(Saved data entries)
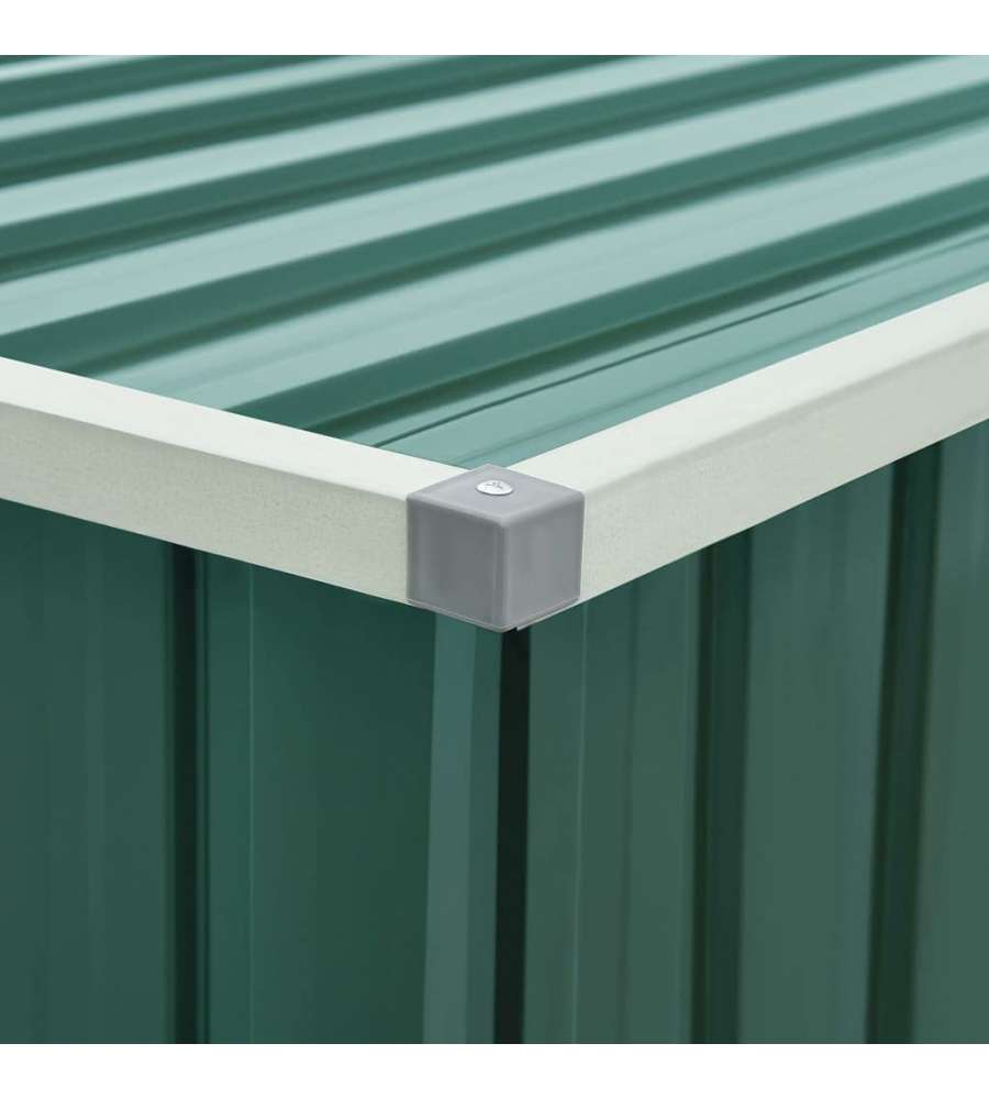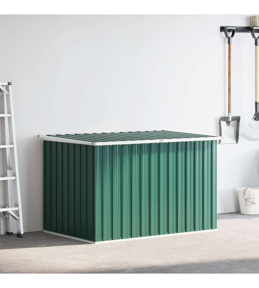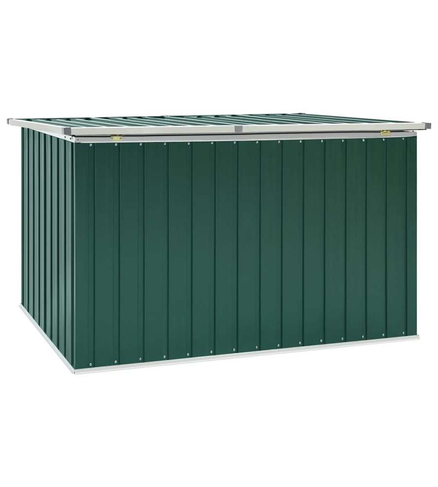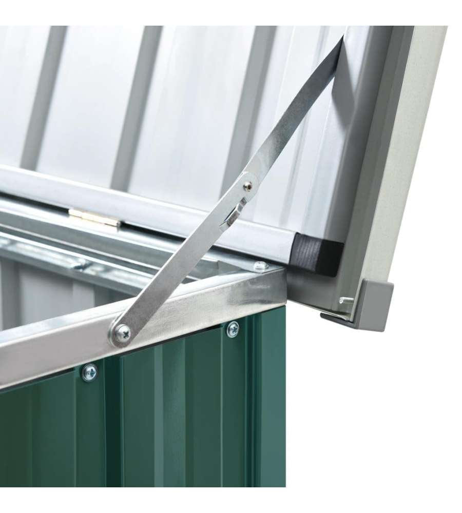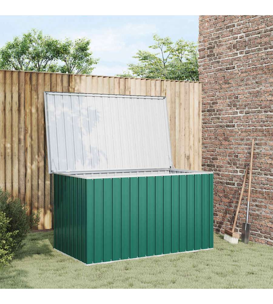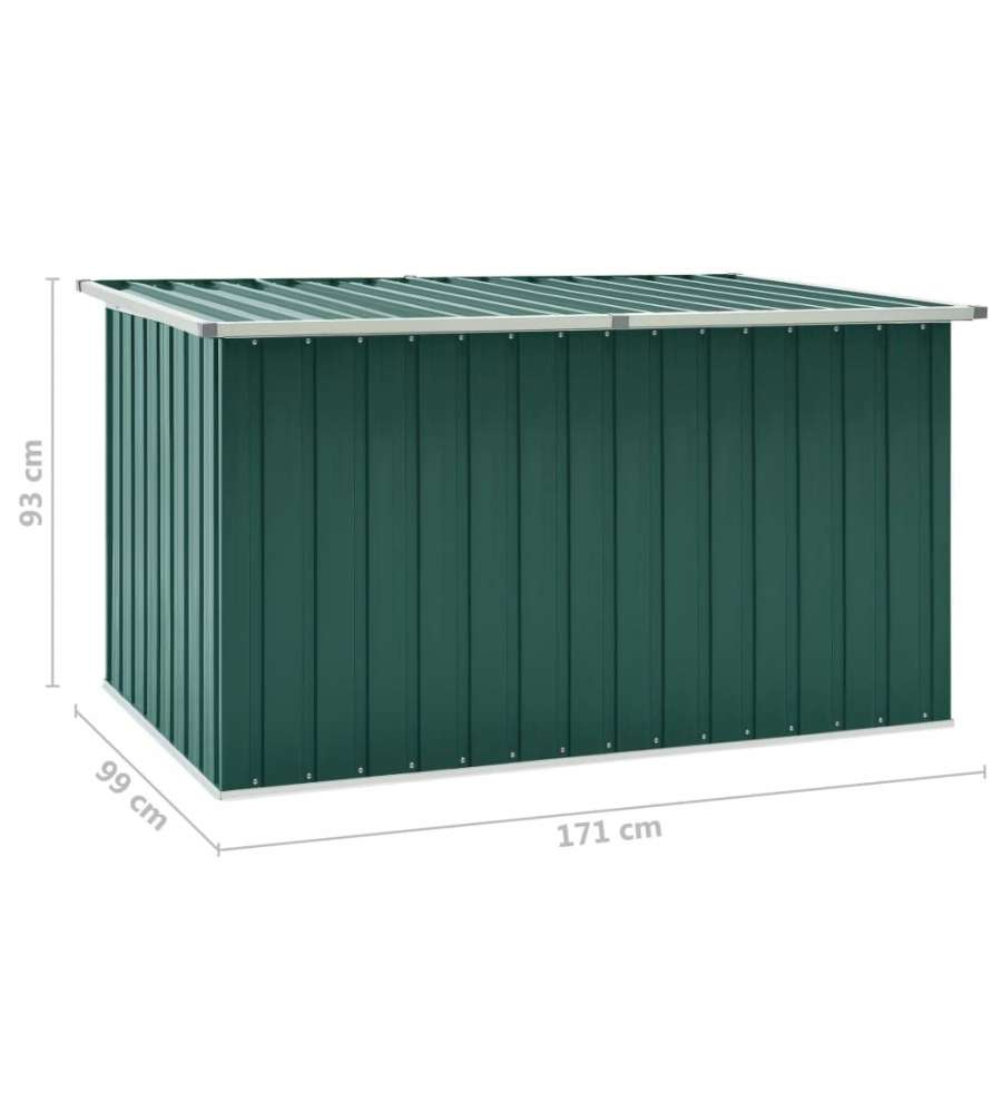 Baule da giardino verde in acciaio zincato, resistente alle intemperie. Dimensioni 171x99x93 cm, capacità 1,195 m³. Ideale per riporre cuscini e attrezzi, con coperchio a cerniera per facile accesso. Assemblaggio richiesto.Capacità:
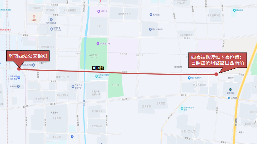 由济南西站公交枢纽发车,沿日照路向东至日照路滨州路路口西南角。
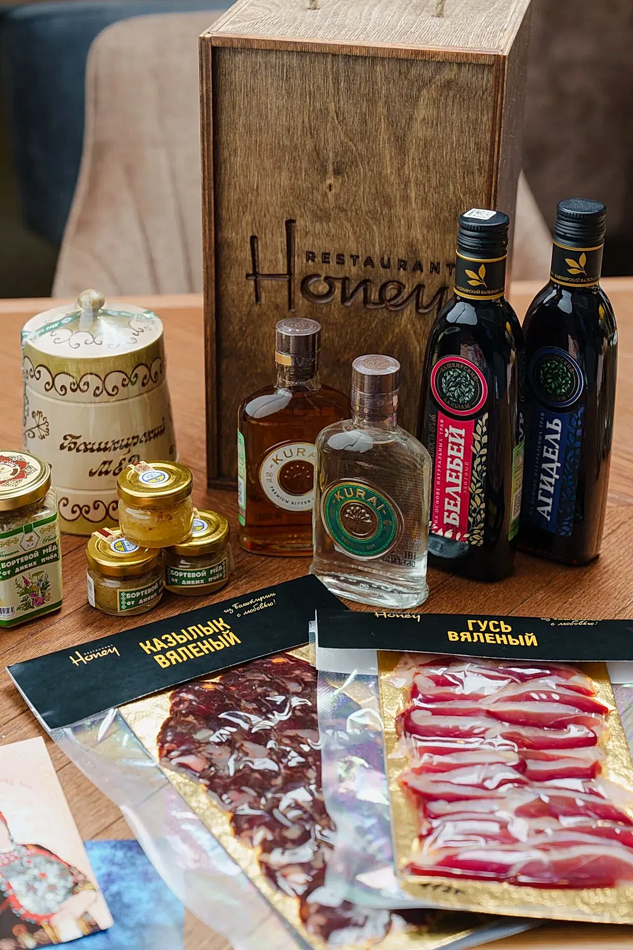 В нашем ресторане Вы сможете приобрести, как национальные деликатесы, мёд, сладости, башкирский чай, так и памятную сувенирную Pin-Up магниты, открытки, одежду локальных брендов.
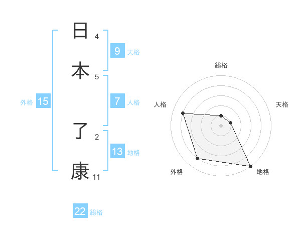日本 了康さんの総格は22画の1点!
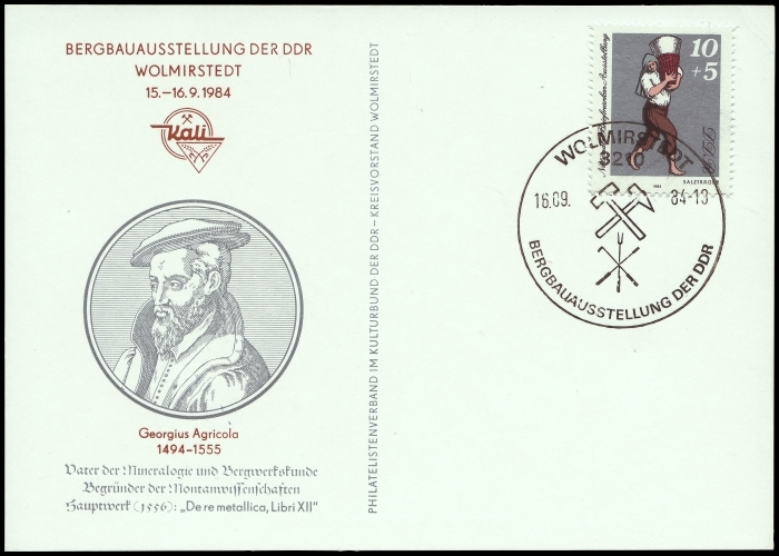 Schmuckpostkarte - “Bergbauausstellung der DDR in Wolmirstedt 1984“ Die Karte ist frankiert mit einer Marke aus dem Satz Nationale Briefmarkenausstellung, Halle. Das Motiv der Marke zeigt einen mittelalterlichen Salzträger. Der Postsonderstempel enthält Bergbausymbole. Auf dem linken Teil der Karte ist das Portrait von Georgius Agricola abgebildet, darüber das Logo des Kali-Bergbaus. Entwertet in Wolmirstedt, Deutsche Demokratische Republik - 1984 |
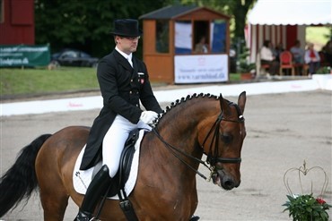 Den 9-årige kårede trakehnerhingst Aston Martin e. Monteverdi/ Sixtus (opdr. Lone H. Andersen) er uddannet af John Hvalsøe Saul, der har haft succes med hingsten på dressurbanerne, hvor ekvipagen to gange har repræsenteret Danmark ved UVM for ungheste i Verden, Tyskland, og sidenhen har opnået sejre og placeringer op til Intermediaire II. Aston Martin er kåret i både TAF og DV og har 124 afkom registreret i Danmark.

▶ [WHAT TO PRODUCE]:
Omit the images and transcribe all of the records above word for word.

▶ [RESULT FOR THIS EXERCISE]:
 Baule da giardino verde in acciaio zincato, resistente alle intemperie. Dimensioni 171x99x93 cm, capacità 1,195 m³. Ideale per riporre cuscini e attrezzi, con coperchio a cerniera per facile accesso. Assemblaggio richiesto.Capacità:
 由济南西站公交枢纽发车,沿日照路向东至日照路滨州路路口西南角。
 В нашем ресторане Вы сможете приобрести, как национальные деликатесы, мёд, сладости, башкирский чай, так и памятную сувенирную Pin-Up магниты, открытки, одежду локальных брендов.
日本 了康さんの総格は22画の1点!
 Schmuckpostkarte - “Bergbauausstellung der DDR in Wolmirstedt 1984“ Die Karte ist frankiert mit einer Marke aus dem Satz Nationale Briefmarkenausstellung, Halle. Das Motiv der Marke zeigt einen mittelalterlichen Salzträger. Der Postsonderstempel enthält Bergbausymbole. Auf dem linken Teil der Karte ist das Portrait von Georgius Agricola abgebildet, darüber das Logo des Kali-Bergbaus. Entwertet in Wolmirstedt, Deutsche Demokratische Republik - 1984 |
 Den 9-årige kårede trakehnerhingst Aston Martin e. Monteverdi/ Sixtus (opdr. Lone H. Andersen) er uddannet af John Hvalsøe Saul, der har haft succes med hingsten på dressurbanerne, hvor ekvipagen to gange har repræsenteret Danmark ved UVM for ungheste i Verden, Tyskland, og sidenhen har opnået sejre og placeringer op til Intermediaire II. Aston Martin er kåret i både TAF og DV og har 124 afkom registreret i Danmark.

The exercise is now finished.